**RECORDS FOR THIS TASK:**
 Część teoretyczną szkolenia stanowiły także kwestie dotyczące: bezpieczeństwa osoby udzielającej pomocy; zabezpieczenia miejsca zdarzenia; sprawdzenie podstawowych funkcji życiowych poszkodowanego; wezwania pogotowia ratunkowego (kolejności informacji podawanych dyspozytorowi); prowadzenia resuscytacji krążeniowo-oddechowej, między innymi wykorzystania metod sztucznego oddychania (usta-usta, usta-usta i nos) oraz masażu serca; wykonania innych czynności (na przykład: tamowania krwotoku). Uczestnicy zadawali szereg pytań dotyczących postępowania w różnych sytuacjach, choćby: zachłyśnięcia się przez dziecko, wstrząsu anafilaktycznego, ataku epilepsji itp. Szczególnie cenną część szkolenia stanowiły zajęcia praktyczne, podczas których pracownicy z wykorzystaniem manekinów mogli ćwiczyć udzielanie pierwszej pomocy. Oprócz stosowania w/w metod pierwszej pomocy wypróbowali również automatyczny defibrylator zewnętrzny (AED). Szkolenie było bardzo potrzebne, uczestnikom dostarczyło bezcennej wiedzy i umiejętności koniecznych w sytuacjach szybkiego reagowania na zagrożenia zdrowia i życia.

--

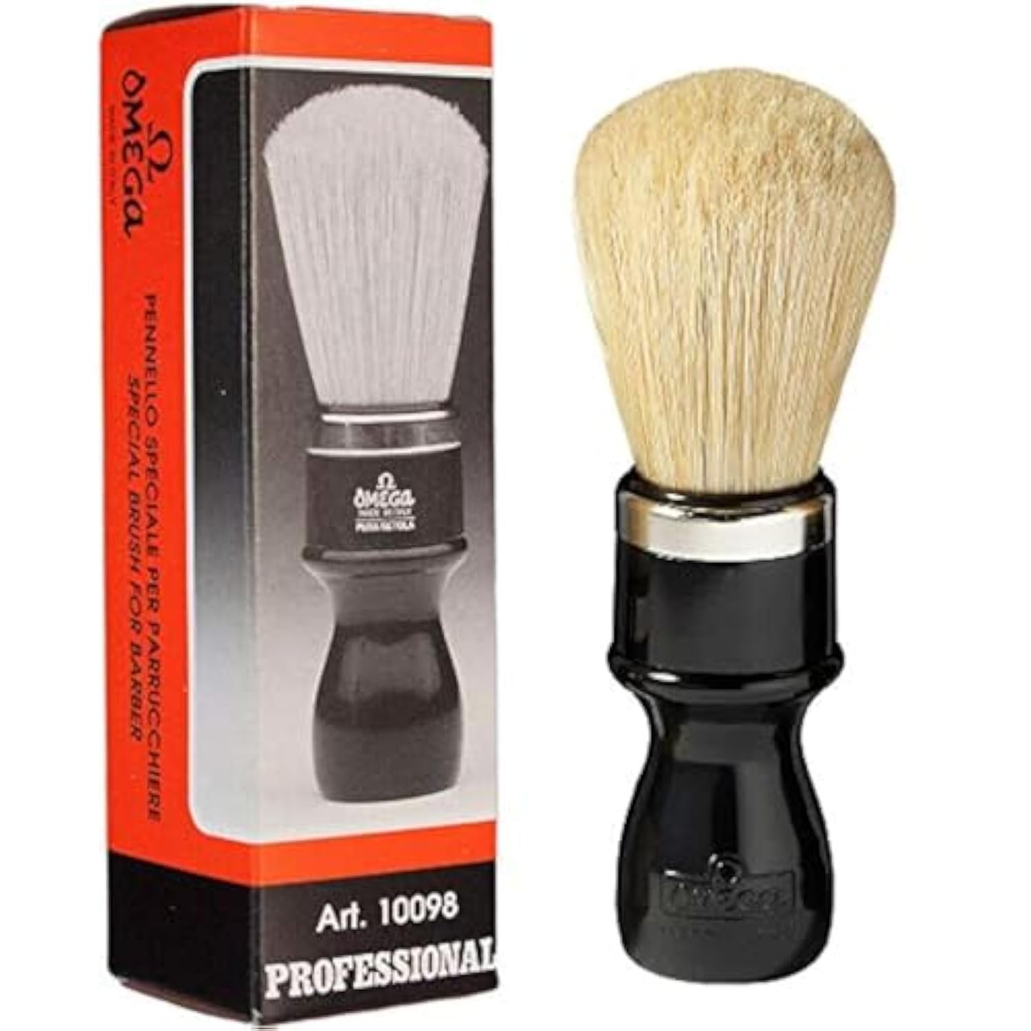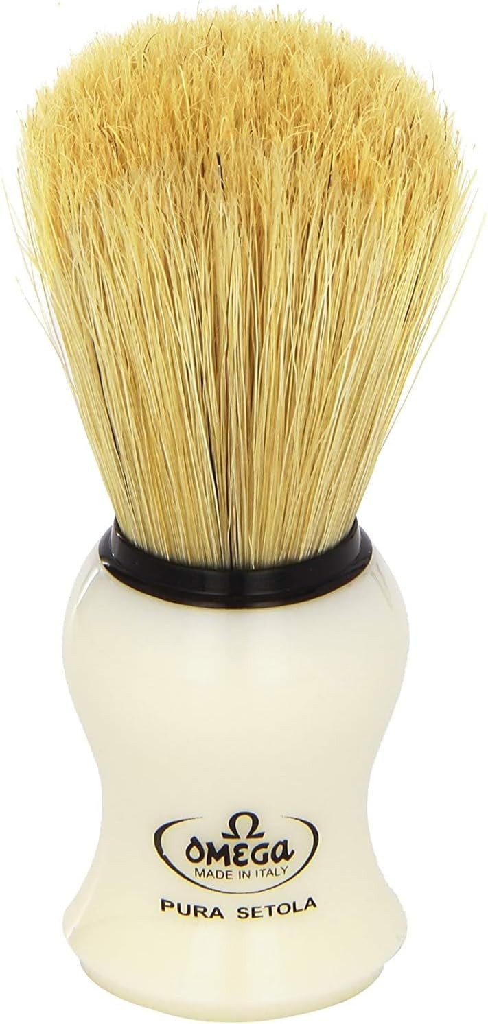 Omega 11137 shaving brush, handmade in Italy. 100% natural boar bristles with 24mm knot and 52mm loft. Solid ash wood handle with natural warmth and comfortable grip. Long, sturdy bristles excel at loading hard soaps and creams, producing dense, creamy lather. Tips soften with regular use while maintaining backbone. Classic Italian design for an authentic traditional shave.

--

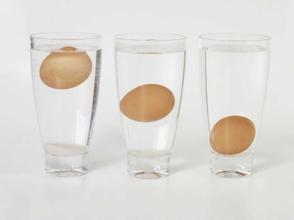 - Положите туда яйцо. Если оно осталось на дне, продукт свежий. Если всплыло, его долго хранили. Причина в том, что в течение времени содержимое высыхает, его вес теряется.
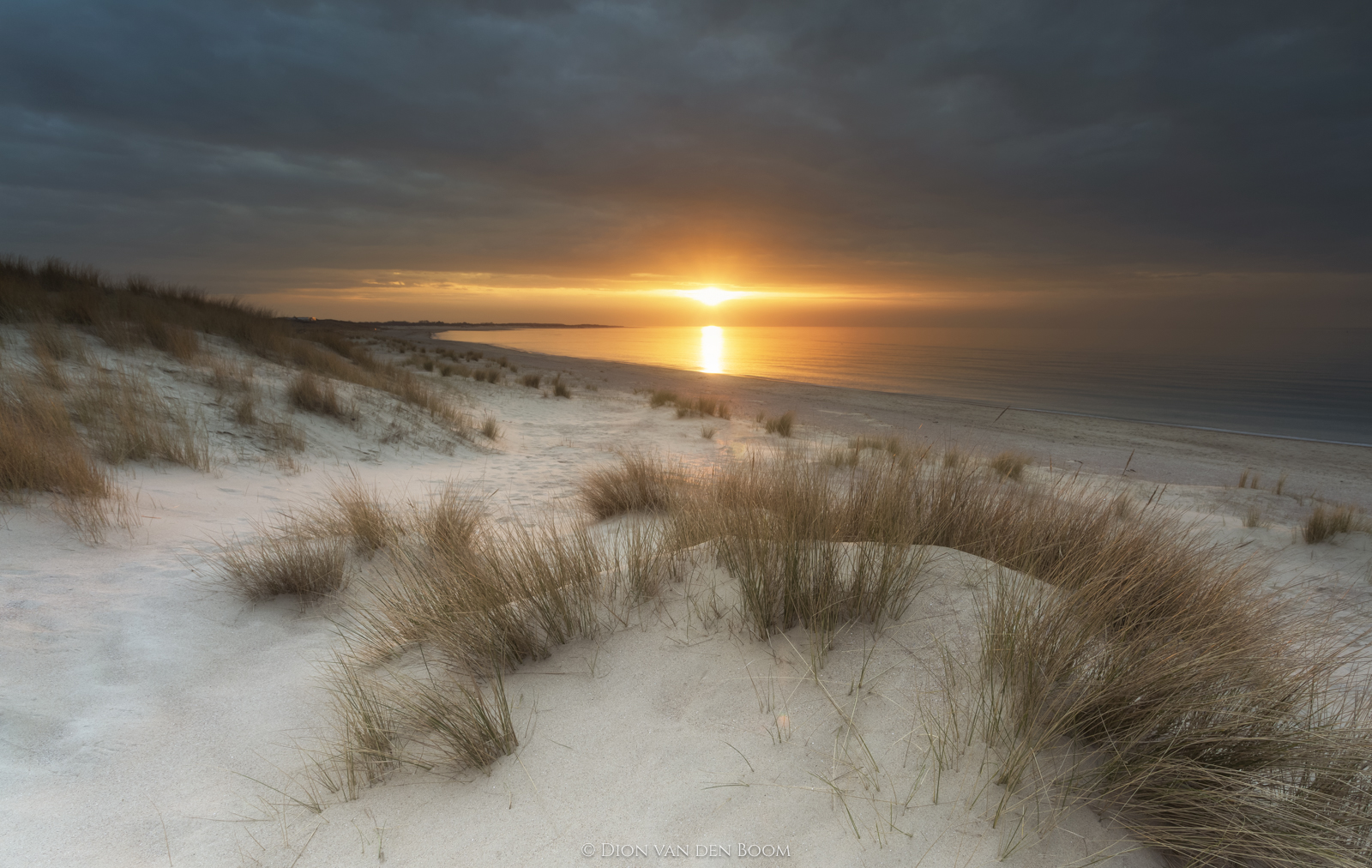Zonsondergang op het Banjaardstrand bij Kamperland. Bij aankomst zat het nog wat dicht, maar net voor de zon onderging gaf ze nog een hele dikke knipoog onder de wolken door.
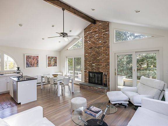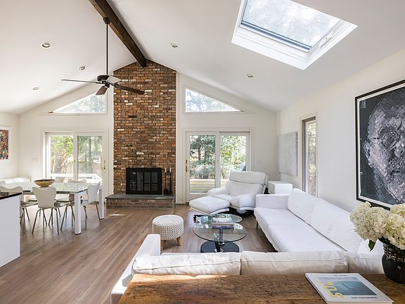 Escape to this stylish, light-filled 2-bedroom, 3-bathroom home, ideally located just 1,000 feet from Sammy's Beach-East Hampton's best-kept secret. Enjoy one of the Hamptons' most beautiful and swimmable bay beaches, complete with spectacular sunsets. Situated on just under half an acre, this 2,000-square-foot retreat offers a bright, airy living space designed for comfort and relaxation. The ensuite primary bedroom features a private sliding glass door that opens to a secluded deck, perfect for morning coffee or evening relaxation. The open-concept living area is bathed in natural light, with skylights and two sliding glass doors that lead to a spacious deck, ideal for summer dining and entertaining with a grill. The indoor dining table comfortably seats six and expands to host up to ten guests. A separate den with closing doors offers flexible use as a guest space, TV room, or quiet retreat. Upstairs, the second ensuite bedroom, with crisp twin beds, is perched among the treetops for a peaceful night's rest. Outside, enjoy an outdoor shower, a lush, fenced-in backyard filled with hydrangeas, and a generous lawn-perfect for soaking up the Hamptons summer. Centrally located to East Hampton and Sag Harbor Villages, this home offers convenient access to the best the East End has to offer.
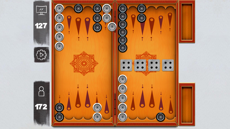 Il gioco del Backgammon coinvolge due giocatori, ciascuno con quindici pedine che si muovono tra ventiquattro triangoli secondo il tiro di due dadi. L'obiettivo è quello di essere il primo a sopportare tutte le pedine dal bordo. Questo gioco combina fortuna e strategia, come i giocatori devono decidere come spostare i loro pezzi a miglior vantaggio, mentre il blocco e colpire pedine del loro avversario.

**ACTION ITEM:** Pictures do not belong in the answer. Return the lines above starting at the one with "- Положите туда" and ending at the one with "Zonsondergang op het", both kept, exactly.

**WRITTEN SOLUTION:**
 - Положите туда яйцо. Если оно осталось на дне, продукт свежий. Если всплыло, его долго хранили. Причина в том, что в течение времени содержимое высыхает, его вес теряется.
Zonsondergang op het Banjaardstrand bij Kamperland. Bij aankomst zat het nog wat dicht, maar net voor de zon onderging gaf ze nog een hele dikke knipoog onder de wolken door.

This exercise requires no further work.